Developmental delay was detected in 31.6% of study population. Prevalence of NDD was significantly higher in low birth weight (LBW, >2 kg), preterm (<36 weeks) and twins. Neonatal sepsis/meningitis and convulsions also showed significant association with NDD. Of the 134 with developmental delay, 61 were preterm, 80 LBW, with h/o sepsis in 52, convulsion in 14, birth asphyxia in 39 and jaundice in 14 neonates.
Incidence of NDD among high risk newborns is significantly high with LBW, prematurity and neonatal illnesses are major contributors. Most NDDs go undetected in the early years of life. Improved perinatal care, early detection and early intervention at the grass root level will bring down incidence of developmental challenges in this vulnerable group. Significance for public healthThe public health significance of this study lies in the fact that a large proportion of high-risk newborns in rural India were detected with developmental delay and some preventable perinatal and neonatal factors like prematurity, low birth weight, sepsis and meningitis were found to be associated with the problem. So, it suggests that prevention of these perinatal factors, timely detection with proper screening methods and early intervention will help curb the burden of disability in the community. Once a disability develops in a child, the magnitude of the problem swells in all aspects: medical, social and economic. But much of this burden can be lessened if we intervene early, as a third of most disabilities are preventable. Moreover, if we can identify the perinatal factors leading to neonatal brain damage and prevent them, much of the neuro-developmental delay can be averted.

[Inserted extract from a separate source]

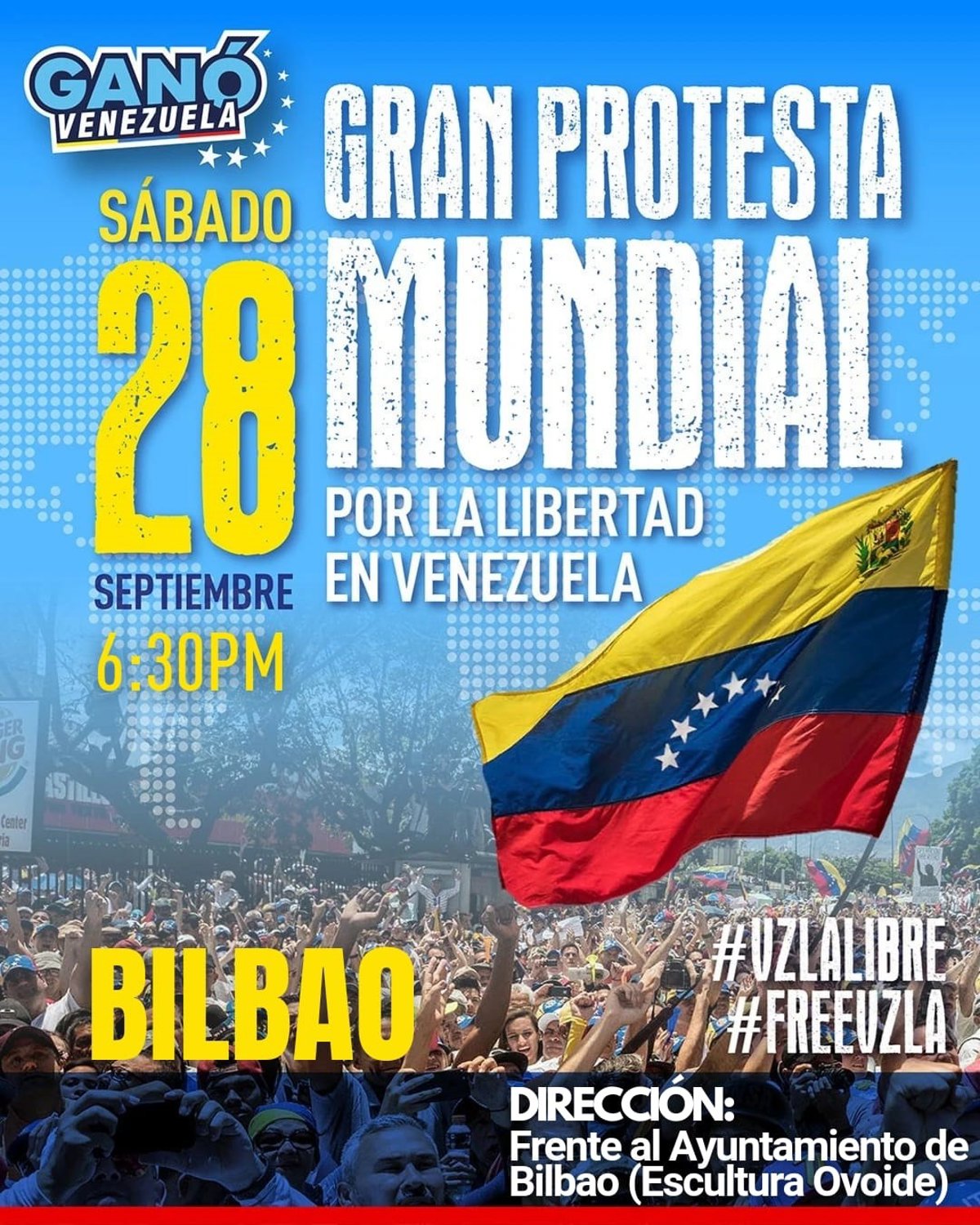 La gran protesta mundial "por la libertad de Venezuela" llega el día 28 a Bilbao tras la detención de dos bilbaínos por el Gobierno de Nicolás Maduro - ORGANIZADORES DE LA PROTESTA MUNDIAL POR VENEZUELA

高危新生儿最易出现神经发育迟缓(NDD)。早期发现该群体中的发育迟缓情况,并确定相关的围产期因素及其预防措施,可预防其日后出现残疾。
观察性队列研究。印度一家地区医院的一组发育专家对2010年1月至2012年6月期间出院的高危新生儿进行了实地跟踪和神经发育筛查,使用了丹佛发育筛查工具II、特里凡得琅发育筛查图表和阿米尔 - 蒂森肌张力评估方法等标准化工具。确定了相关的围产期因素。对检测出患有NDD的患儿开始进行早期干预。
在31.6%的研究人群中检测出发育迟缓。低出生体重(LBW,>2 kg)、早产(<36周)和双胞胎中NDD的患病率显著更高。新生儿败血症/脑膜炎和惊厥也与NDD显著相关。在134名发育迟缓的患儿中,61名早产,80名低出生体重,52名有败血症病史,14名有惊厥病史,39名有出生窒息史,14名新生儿有黄疸病史。
高危新生儿中NDD的发病率显著较高,低出生体重、早产和新生儿疾病是主要原因。大多数NDD在生命早期未被发现。改善围产期护理、早期发现和基层的早期干预将降低这一弱势群体中发育障碍的发生率。
本研究对公共卫生的意义在于,印度农村地区很大一部分高危新生儿被检测出发育迟缓,并且发现一些可预防的围产期和新生儿因素,如早产、低出生体重、败血症和脑膜炎与该问题相关。因此,这表明预防这些围产期因素、通过适当的筛查方法及时发现并进行早期干预将有助于减轻社区中的残疾负担。一旦儿童出现残疾,问题的严重程度会在医疗、社会和经济等各个方面加剧。但如果我们早期进行干预,大部分负担是可以减轻的,因为大多数残疾中有三分之一是可以预防的。此外,如果我们能够识别导致新生儿脑损伤的围产期因素并加以预防,许多神经发育迟缓是可以避免的。